Shortly after passing through Collinston they spent an interesting evening of hike-a-bike along the track through Bear Creek Canyon. To begin with, it’s a spooky place at night; add to that a precipice on one side and a vertical wall on the other and it gets worse. Now inch your way over a couple of high trestles and through a couple of tunnels, all in the dark, and you can imagine the nervous state these guys were in by the time they arrived in Cache Junction, population one telegraph operator. After a fitful night’s sleep, fitful because every trainman who stopped in to get messages from the operator felt the need to shine his lantern in their faces, they continued on towards the Idaho border.

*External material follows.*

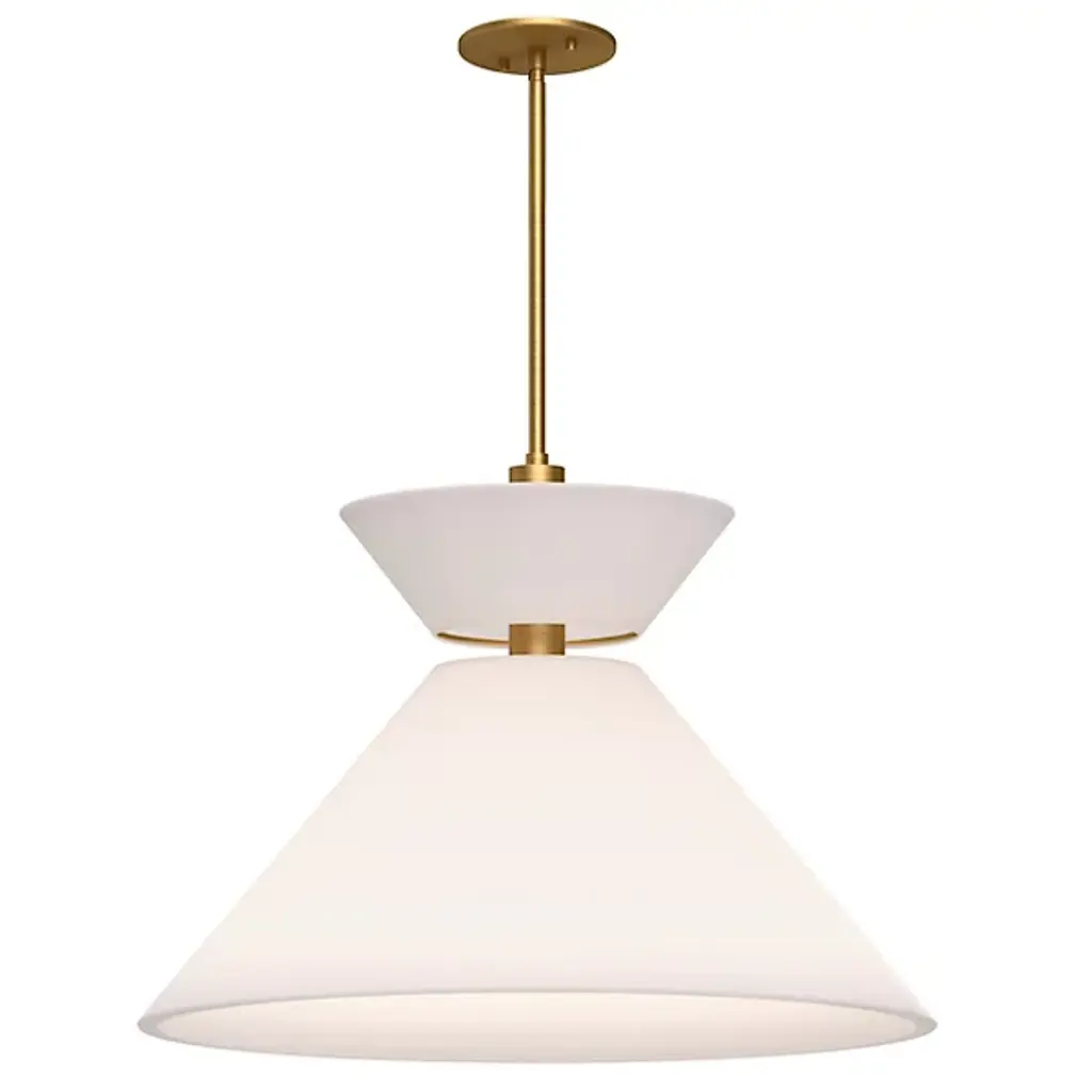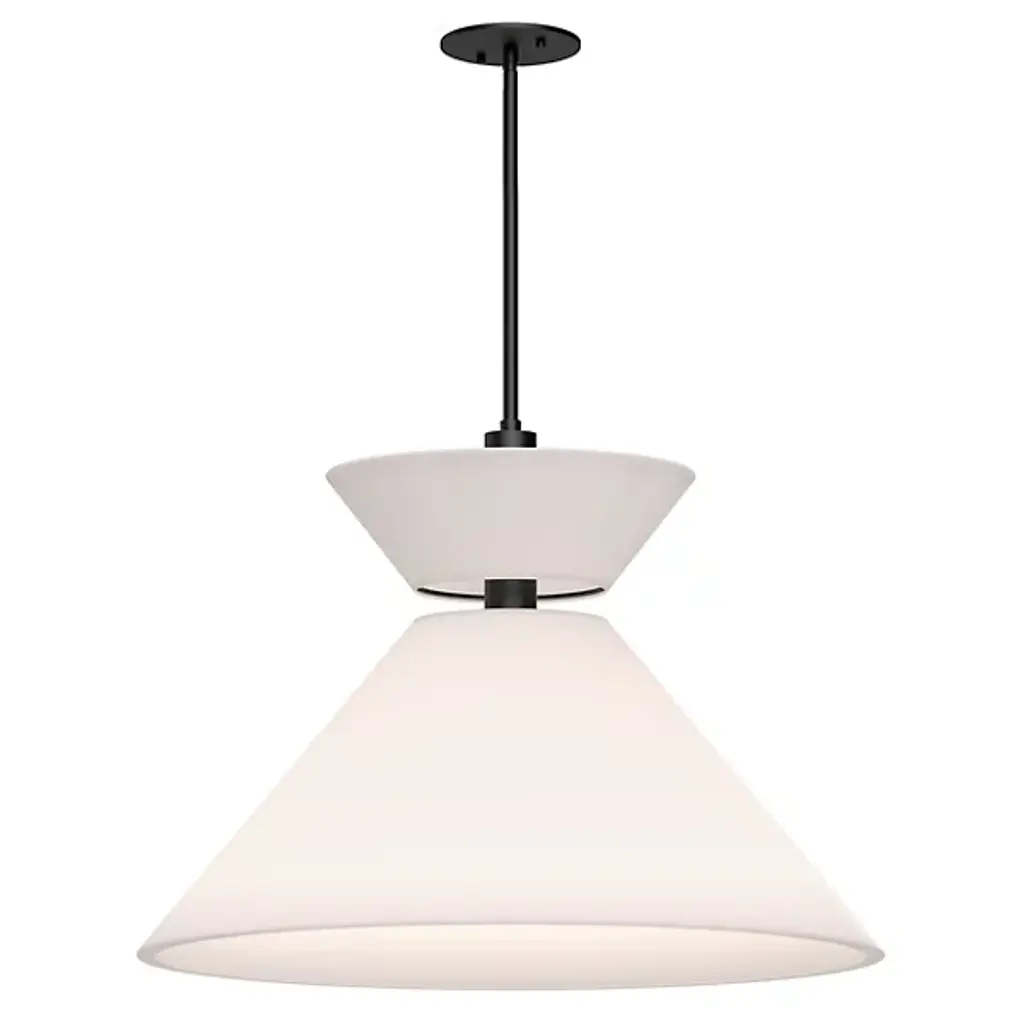 The Chapelle Pendant from Alora Mood brings a smooth and sculptural silhouette to spaces. A sleek disc canopy keeps the pendant in place, transmitting a slender metal stem down to a cylindrical body that holds the fixture’s single lamp below. The fixture features a small inverted shade accent set above its lamping, which is then gentled to the sides by a flaring conical shade in white linen. This larger shade spills out a wide pool of downlight through its open base, accentuated by a warm wash of light that extends through the translucent sides.
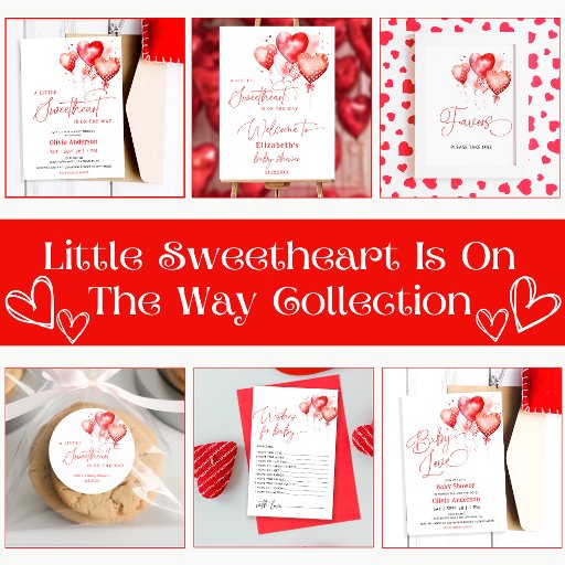 This enchanting design captures the essence of joy and love, featuring whimsical watercolor elements that evoke a sense of tenderness and anticipation. The modern aesthetic seamlessly blends with adorable red watercolor balloons shaped like hearts. Each stroke of watercolor adds a touch of artistic charm, creating a visual symphony that celebrates the sweetness of new beginnings. The Valentine theme infuses the invitation with a timeless charm, perfect for showering the little one with love. Matching items available.

They arrived in Pocatello, population 6,000 (today’s population is 54,000) at 10:30 on the evening of August 19, tired and with bikes in dire need of wrenching. After filling up in a local Chinese restaurant, they chatted a bit with the depot policeman, who offered to let them sleep in an unused passenger car in the yard. They were not too impressed with Pocatello: “a typical western town, in which gambling is looked upon as a profession”, but they did manage to find a repair shop where the owner was so impressed with their adventure that he completely overhauled their bikes and refused any payment.
They now travelled through the Fort Hall Indian Reservation, which they found to be a desolate desert wasteland, to the city of Idaho Falls, population 3,000. Today this area is heavily irrigated and the greater metropolitan area of Idaho Falls has a population of over 130,000; such are the changes a hundred years can make.
Leaving Idaho Falls, they made their way through Montana, the Pacific Northwest and California, across the southern United States, up the Atlantic seaboard and eventually back to the exact spot in Jackson from which they had left 13,407 miles and 15 months earlier. They returned richer in experience, memories, confidence, but not in cash. In New England they ran out of money and were forced to work for their food, as they were unable to sell any of their souvenirs, and so violated the terms of the challenge. A small loss compared to the wealth of memories and experiences they stockpiled along the way.
Reference: Around the United States By Bicycle by Claude C. Murphy; published by Press of Raynor and Taylor, Detroit, 1906.